Regardless of the war outcome, even a weakened Russia will remain central to European security. In the scenario that Putin can crush Ukraine’s resistance, the challenges for Europe would multiply. Even the task of rebuilding Ukraine would depend on sustained energy supplies from Russia.
Russia will remain a formidable military power with a large nuclear arsenal, and disruptive technology to influence the global strategic balance. In fact, this war may have taught the Russian military how to deal with NATO’s weaponry. The question, therefore, is whether Europe will opt for a new security architecture with the inclusion or exclusion of Russia.

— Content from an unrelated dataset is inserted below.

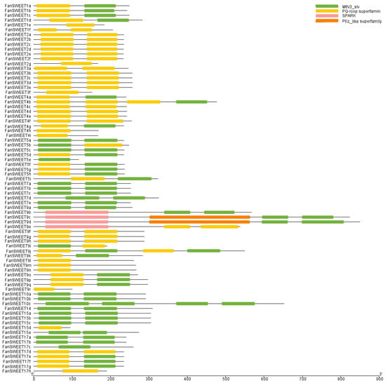 By conservative domain analysis (Figure 3), it is found that members of the SWEET family generally have two typical domains, the MtN3_slv or PQ-loop superfamily. Meanwhile, FanSWEET1e/2g/3f/4h/4i/5e/9l/9m/9n/9r/15d/17c and 17h have only one structural domain, and FanSWEET4b, FanSWEET9j, and FanSWEET10c have four SWEET family typical structural domains. FanSWEET members homologous to AtSWEET2 and AtSWEET3 only have the PQ-loop superfamily structural domains and not the MtN3_slv structural domain. Furthermore, FanSWEET9b-9e contain a SPARK domain, and FanSWEET9c and FanSWEET9d also have the PKc_like superfamily. It can be seen that the structural domains of the FanSWEET protein family are conserved to a certain extent, but the number and distribution of the structural domains are somewhat differentiated.
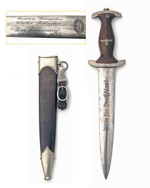 circa 1935, with double edged 8 3/4in. blade (cleaned), etched with the motto ' ALLES FUR DEUTSCHLAND' (everything for Germany), makers mark to the reverse together with an engraved inscription 'UNSEREM STURMFUHRER WALTER SCHLEICHER ZUR ERINNERUNG AN STURM 51/138 27.1.35', (Our Sturmfuhrer Walter Schleicher in memory of Sturm 51/138 of 27.1.35), stained wood grip (some minor hairline cracks to top and base) inlaid with an eagle and swastika and the 'SA' roundel to top of hilt, solid nickel fittings with area stamp 'Nrh' (Neiderrhein), TOGETHER WITH its original brown metal scabbard with nickel chape and throat complete with its short leather hanger (some mild staining to blade and dents to scabbard)

One cannot underestimate the Russian strategic culture and its deep-seated history of threat perceptions vis-à-vis others. The 1962 Cuban missile crisis and the Euro-missile crisis of the 1980s still stand in public memory. In fact, things may not have come to such a pass if the West had not ignored Moscow’s repeated warnings against NATO’s expansion. Therefore, the assumption that Russia is permanently weakened is premature.
Instead, Putin, through the war efforts, may have found a renewed goal and a sense of purpose to regenerate Russia. The Russian economy is certainly withering now, but it also showed resilience because of the growing share in the energy markets. Moscow has dramatically reoriented its foreign policy/economy toward China, the Middle East, India, and Africa — a historic shift in the global power balance.
In the years ahead, Russia will be geopolitically tied to Europe, but the scale of its assertion will depend on how widely the US defines its global interests. It is already reasserting its influence around the world, especially in the Middle East. Ukraine’s fate aside, the conflict in Gaza will shape the future trajectory of Russia’s foreign policy. Moscow has tentatively taken steps to improve links with Beijing knowing that the matrix of partnership is imbalanced — in Beijing’s favour.
India’s official Russia policy remains grounded in realism, but a tendency among observers and analysts is to quickly draw on Western conclusions to discard Russia, and berate Putin for his “war of choice”. It would be premature to underestimate Russia’s potential.